Pain and Lyme

Many of you fellow Lymeys already know the treatment of Lyme takes holistic approach. One cannot just treat one infection. Coinfections, secondary infections, viruses, allergies and any component that might effect the patient’s health has to be taken into consideration when deciding treatment plan for Lyme patients. You often end up having to change your diet either due to allergies or simply to avoid foods that cause inflammatory reaction or candida. You take antivirals and also take supplements to support the immune system. You have to detox to clear toxins. If you don’t, you have severe Herxheimer reaction (Click here, if you are not sure what Herxheimer reaction is). Ahhh that lovely thing Herxheimer reaction. It intensifies everything you feel. Pain, insomnia, arthritis, you name it. They all come in 10 fold (If you are wondering how bad the pain can be click here). You turn to your doctor, who encourages you to hang in there. You turn to fellow Lymeys online, they give you tips on which detox technique is the best. Let’s face it the more you detox the less pain you feel…right? Well, you supposed to….and you should not stop detoxing, it certainly helps. How about that pain that is considered good when it is at level 7 because comparing to 10 it is an improvement? You know the type of pain I am talking about. The aching all over your body as if you have the flu with a fever of 104. The soreness as if someone beat you with a baseball bat ruthlessly. The heaviness of your body that makes you want to be horizontal at all points, because your muscles feels so weak they cannot hold your body up even to a sitting position. See that pain is the reason today I want to talk about pain management. Pain is the worst aspect of Lyme, yet pain management is the least addressed part of Lyme treatment. You all suffer through it and you wish it would just go away, but the most you ever do is detox and maybe take some Motrin. Well that all needs to change now and I hope this article will help you in doing it so.

painchart

What is pain management?

Pain management is the combination of techniques that involves invasive and noninvasive (non-drug and pharmacologic) pain management protocols to help ease the suffering and increase the quality of life of the patient with chronic pain. Some people see pain management as giving up on getting better, which is definitely not true. Pain triggers pain, then it becomes a dead cycle of pain all around. Think of your home, when intruders enter your home from the living room, your alarm doesn’t go off in only the living room. You hear the alarm throughout the house. Our body functions in a very similar nature. That is why it is important to keep your pain level under control. It is not giving up. It is taking matters in your hand, while you fight this battle. Out of all the other horrible issues you have to suffer through, at least pain should be crossed off your list. When the pain is under control, you will see many improvements in your life. If you are bedridden, you might get around more (even if it is with the help of a cane or a walker.) You might not gain your full independence, however becoming more active will help reduce your stress levels. Increased morale and mobility will help you focus better on fighting your battle or at least motivate you to try harder. See it is all for the better.

Types of Pain Management

You need a pain management specialist to start treating your pain. During your initial appointment with your pain specialist she will evaluate your problematic areas, take your general health history, order X-rays and MRIs to determine the cause of the problems and the proper way of treatment.There are many different ways to get pain under control. All of these techniques can be categorized under three main categories: noninvasive-nondrug, noninvasive-pharmacologic and invasive pain management.

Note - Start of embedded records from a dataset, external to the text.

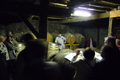 Arrêt chez un producteur qui nous fait visiter son chai et goûter sa production.
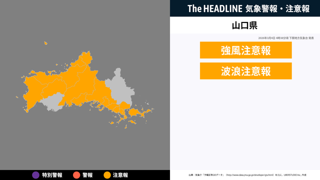 3月4日4時38分頃、山口県の強風注意報・波浪注意報が更新
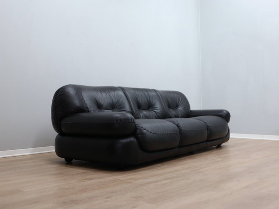 Canapé Sapporo 3 places en cuir noir de Mobil Girgi, années 1970
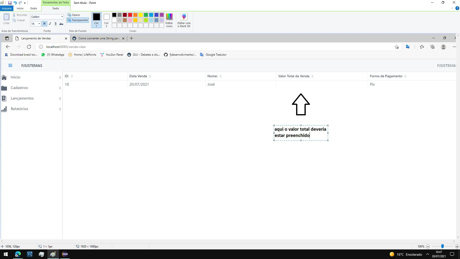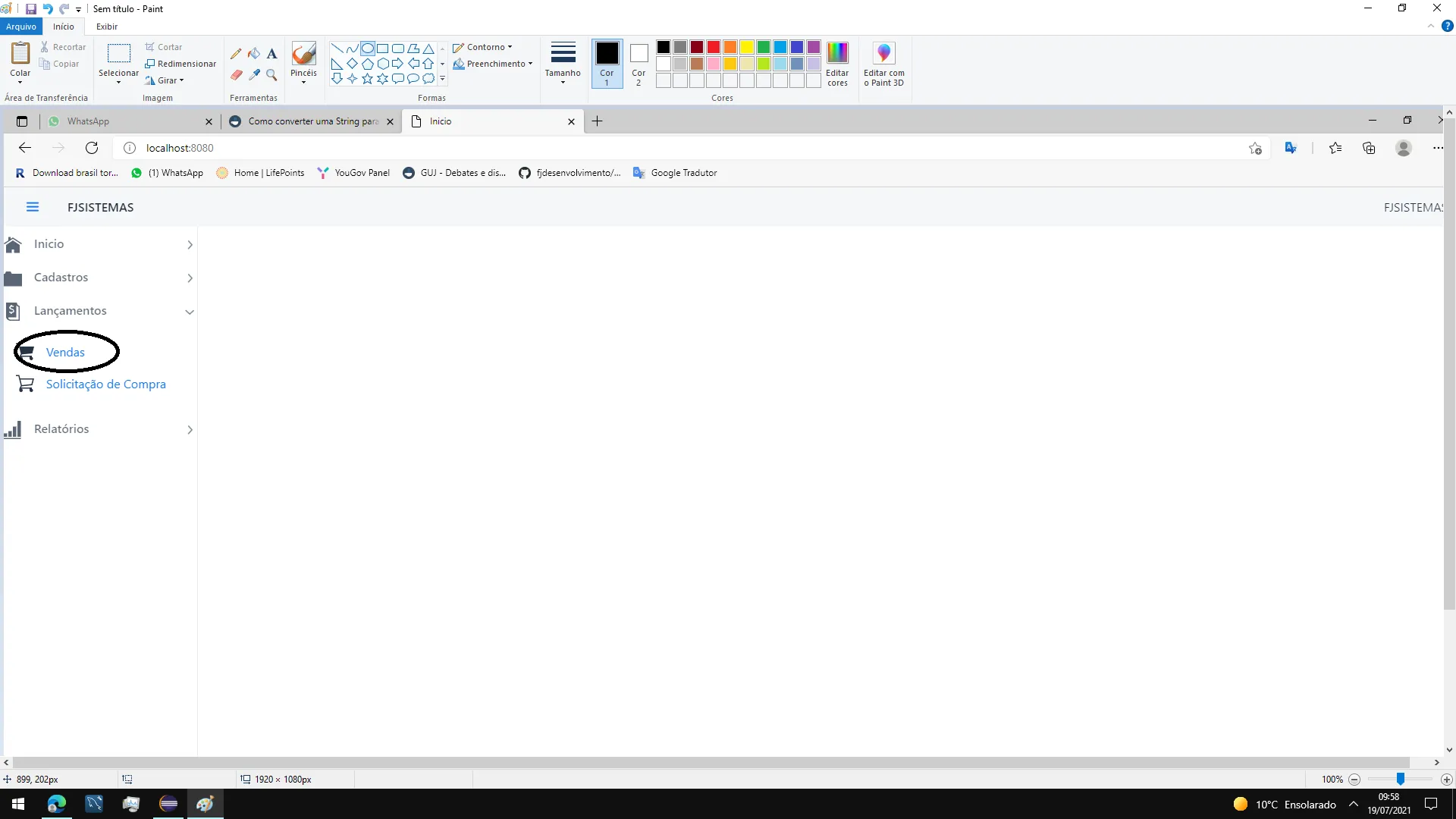 Ao rodar a aplicação toda parte de cadastro está funcionando perfeitamente, então fui para a tela de vendas, para realizar uma venda, ao clicar em Lançamentos o menu se abre com a opções de Venda e Solicitação de Compra

Noninvasive-Nondrug Pain Management is things like manual manipulation, massage, exercise, superficial heat or cool compress, electrotherapy, ultrasound therapy, and behavior modification. Usually this technique is the first technique your pain management specialist will opt for. Although many of these techniques can be used at home, generally they can all be combined at Physical Therapy (PT). I find PT very helpful. Generally the therapist spends an hour consulting with you, before creating a dynamic program that targets your problematic areas. A typical PT session will start with the therapist massaging the problem areas. She will also manipulate the joints, muscles and ligaments – similarly to the chiropractic techniques but not exactly the same. Massage and manual manipulation will be followed by stretch like exercises to help release the tense areas. As you get used to these exercises you will see more strength exercises added in your routine. Followed by either an electrotherapy or ultrasound therapy. Electrotherapy is applied by a device called transcutaneous electrical nerve stimulation (TENS) unit. This device reduces pain by sending low voltage electric stimulation that interacts with the sensory nervous system. Ultrasound therapy is applied by a device that reduces pain by generating deep heat through a piezoelectric crystal sound head. Therapeutic ultrasound provides heat to the problematic body parts that lie deep within your body that are not able to be heated with a standard hot compress alone. If ultrasound therapy is not used during PT the session will end with moist heat or cold compress. Heat compress helps relax the muscles, while cold compress takes any swelling down. Your therapist will select the most suited option for you based on your needs. At the end of each session your therapist will assign you exercises to do at home. Generally she will provide a printout with pictures and description of each exercise. She will also talk to you about life adjustments, whether it is avoiding lifting heavy items, your posture or so on based on her observations of your behavior. Behavior modification is one of the key components to healing pain. For instance if you have bad posture, you are contributing to your problem. The more you get educated the better results you will get with your PT.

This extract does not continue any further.